> ACTION ITEM
Could you restate the data below word for word, without its pictures?

** Opening DATASET EXCERPT block **

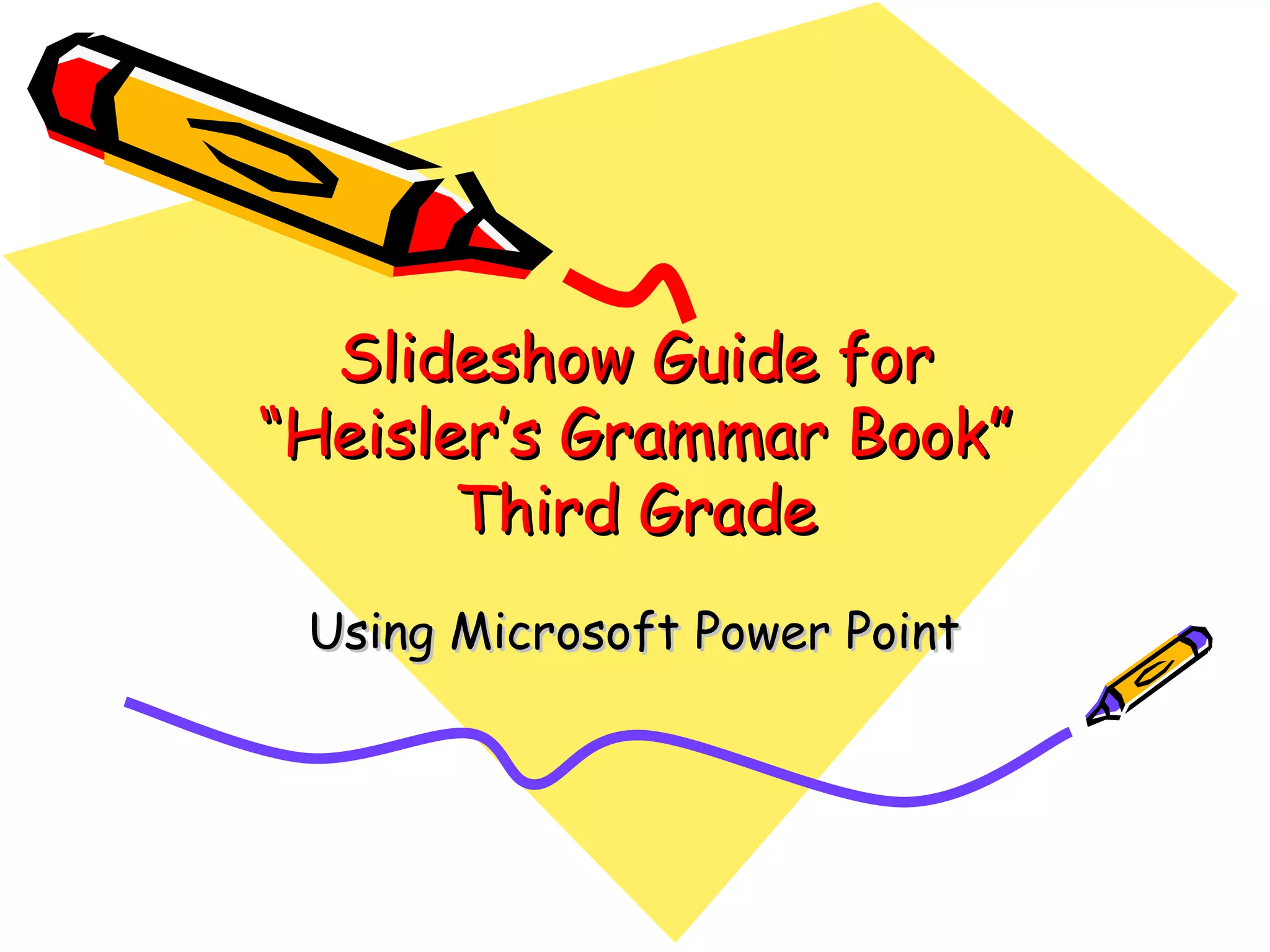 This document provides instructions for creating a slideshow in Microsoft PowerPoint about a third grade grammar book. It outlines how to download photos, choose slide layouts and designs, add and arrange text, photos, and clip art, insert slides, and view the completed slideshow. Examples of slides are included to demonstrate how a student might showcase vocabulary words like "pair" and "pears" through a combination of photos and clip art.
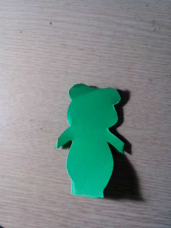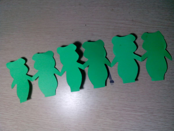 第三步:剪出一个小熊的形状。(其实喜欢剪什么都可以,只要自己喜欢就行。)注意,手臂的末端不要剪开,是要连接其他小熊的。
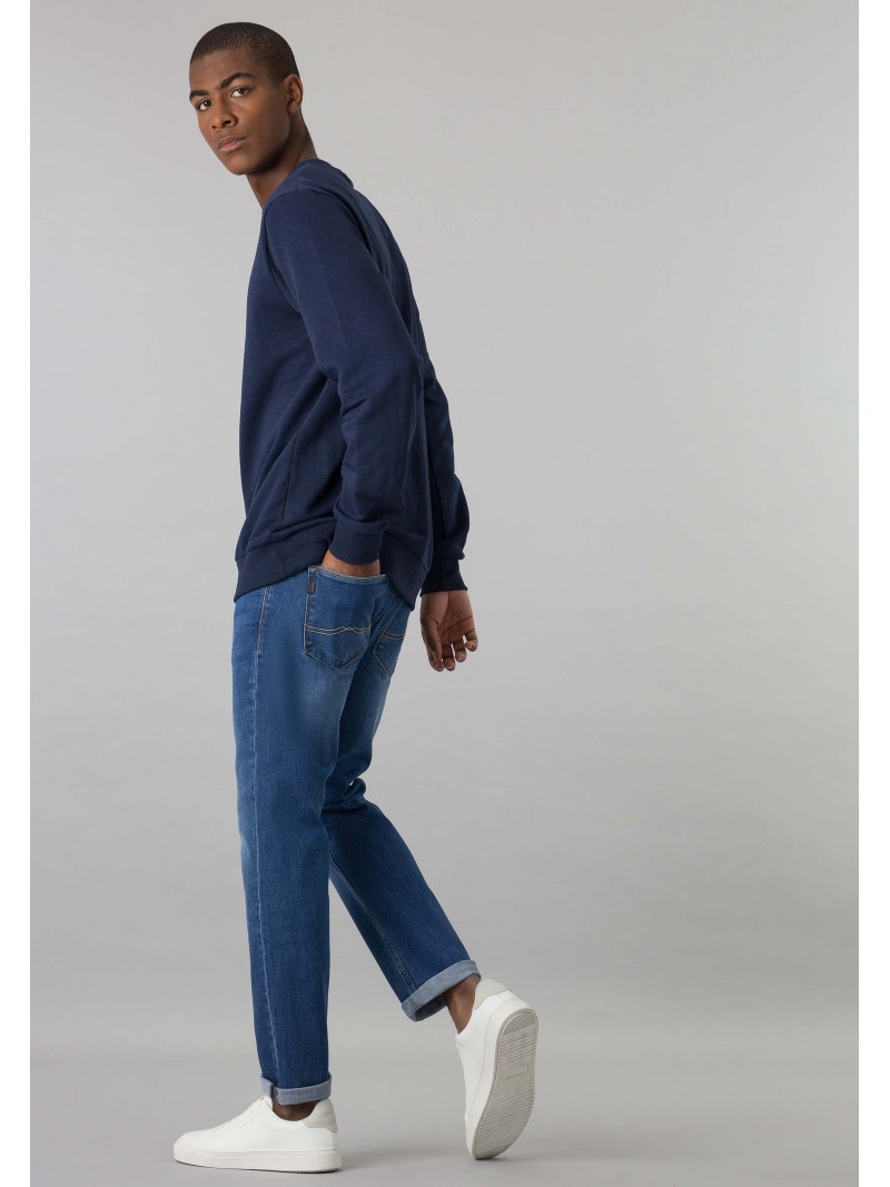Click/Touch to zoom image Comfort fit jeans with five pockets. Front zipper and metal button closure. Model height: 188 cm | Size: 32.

** Closing DATASET EXCERPT block **

> COMPLETED TASK
 This document provides instructions for creating a slideshow in Microsoft PowerPoint about a third grade grammar book. It outlines how to download photos, choose slide layouts and designs, add and arrange text, photos, and clip art, insert slides, and view the completed slideshow. Examples of slides are included to demonstrate how a student might showcase vocabulary words like "pair" and "pears" through a combination of photos and clip art.
 第三步:剪出一个小熊的形状。(其实喜欢剪什么都可以,只要自己喜欢就行。)注意,手臂的末端不要剪开,是要连接其他小熊的。
Click/Touch to zoom image Comfort fit jeans with five pockets. Front zipper and metal button closure. Model height: 188 cm | Size: 32.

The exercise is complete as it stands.